Is there a role for pneumonectomy in pulmonary metastases?¹

^a Thoracic Service, Department of Surgery, Memorial Sloan-Kettering Cancer Center, New York, New York, USA
^b Division of Thoracic Surgery, European Institute of Oncology, Milan, Italy

Address reprint requests to Dr Ginsberg, Thoracic Service, Department of Surgery, Memorial Sloan-Kettering Cancer Center, 1275 York Ave, New York, NY 10021
e-mail: ginsberr{at}mskcc.org

Presented at the Poster Session of the Thirty-fifth Annual Meeting of The Society of Thoracic Surgeons, San Antonio, TX, Jan 25–27, 1999.

Abstract

Background. Although sublobar and lobar resections are accepted operations for pulmonary metastases, pneumonectomy is viewed as a major incursion on Stage IV patients. We considered it important to ascertain the current results of pneumonectomy for pulmonary metastases since little information is available.

Methods. Of the 5,206 patients with pulmonary metastasectomy reported by the International Registry of Lung Metastases, 133 (3%) underwent primary, and 38 (1%) completion pneumonectomy between 1962 and 1994. Data were analyzed to determine the operative mortality rates, survival rates, and determinants of survival.

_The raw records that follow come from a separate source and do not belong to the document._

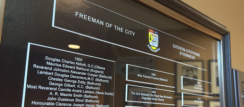 La Ville de Bathurst invite les membres de la communauté à proposer des candidat(e)s pour le titre honorifique de Citoyen (Citoyenne) d’honneur de la ville. Ce titre représente la plus haute distinction décernée par la Ville en reconnaissance d’un service de longue date et d’un leadership extraordinaire. C’est un titre honorifique réservé aux individus qui ont contribué de façon significative à la vie de la communauté.
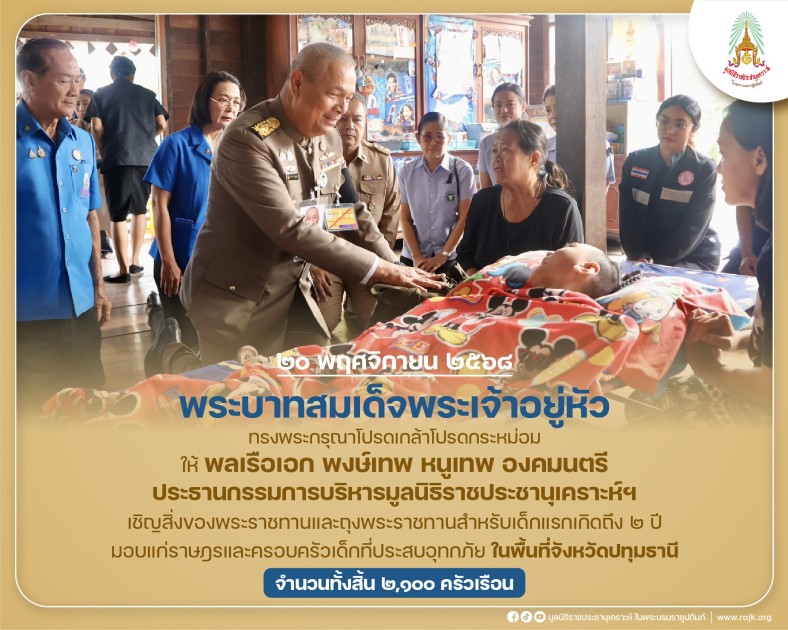พระบาทสมเด็จพระเจ้าอยู่หัว ทรงพระกรุณาโปรดเกล้าโปรดกระหม่อมให้ พลเรือเอก พงษ์เทพ หนูเทพ องคมนตรี ประธานกรรมการบริหารมูลนิธิราชประชานุเคราะห์ ในพระบรมราชูปถัมภ์ เชิญสิ่งของพระราชทานและถุงพระราชทานสำหรับเด็กแรกเกิดถึง ๒ ปี มอบแก่ราษฎรและครอบครัวเด็กที่ประสบอุทกภัย ในพื้นที่จังหวัดปทุมธานี
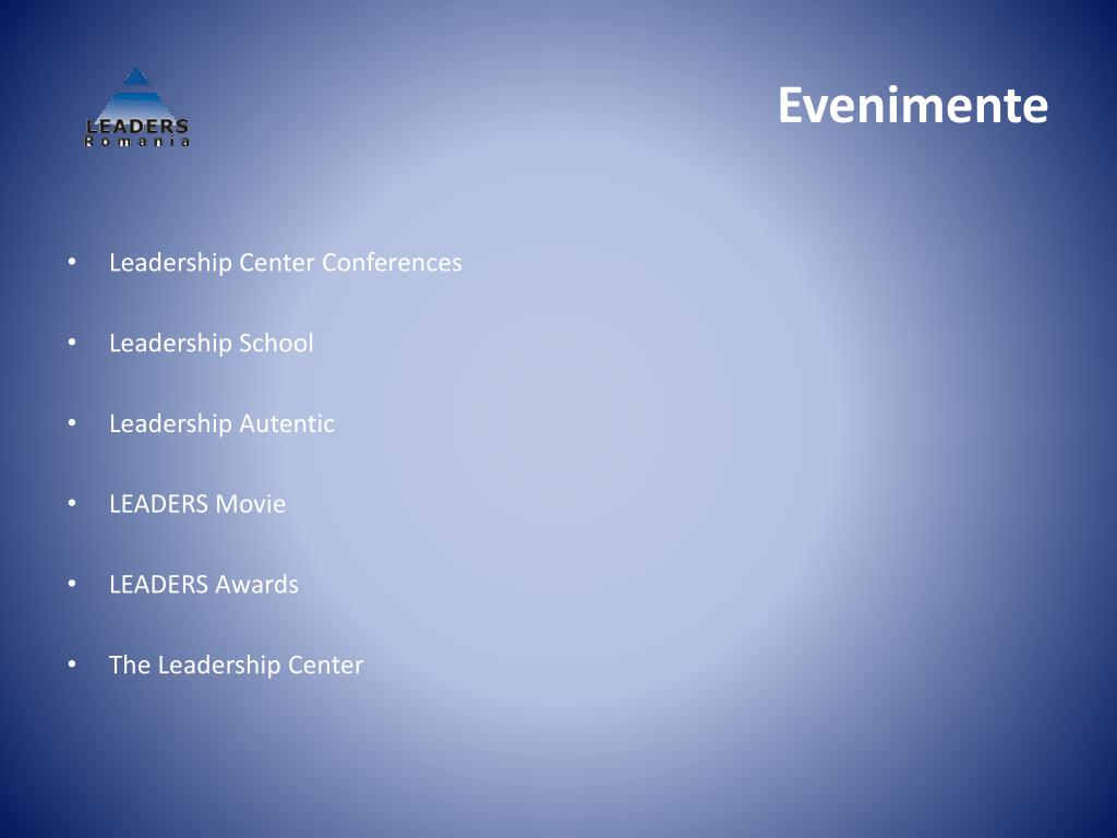 Evenimente • Leadership Center Conferences • Leadership School • Leadership Autentic • LEADERS Movie • LEADERS Awards • The Leadership Center

Results. Primary pneumonectomy was performed for metastatic disease mainly from epithelial (49%, 65 of 133) and sarcomatous (33%, 43 of 133) tumors. Indications were central lesion, eg, proximal endobronchial or hilar nodal metastases. Operative mortality was 4% (4 of 112) and a 5-year survival rate of 20% was achieved following complete resection (R0) in 112 patients. In contrast, the 21 incompletely resected patients had an operative mortality rate of 19% (4 of 21), and the majority did not survive beyond 2 years (p = 0.02). Survival was determined by the completeness of resection and not histology of the primary tumor, number of metastases, nodal status, and disease-free interval. In the 38 completion pneumonectomy patients, 35 were operated for recurrent disease and 3 for residual disease. Sarcomatous secondaries predominated in 28 patients. Complete resection was achieved in 31 patients (82%). The operative mortality rate was 3% (1 of 38 patients) and the 5-year survival rate was 30%.

Conclusions. Pneumonectomies for pulmonary metastases, albeit infrequently performed, were associated with acceptable operative mortality and long-term survival when performed in selected patients amenable to complete resection.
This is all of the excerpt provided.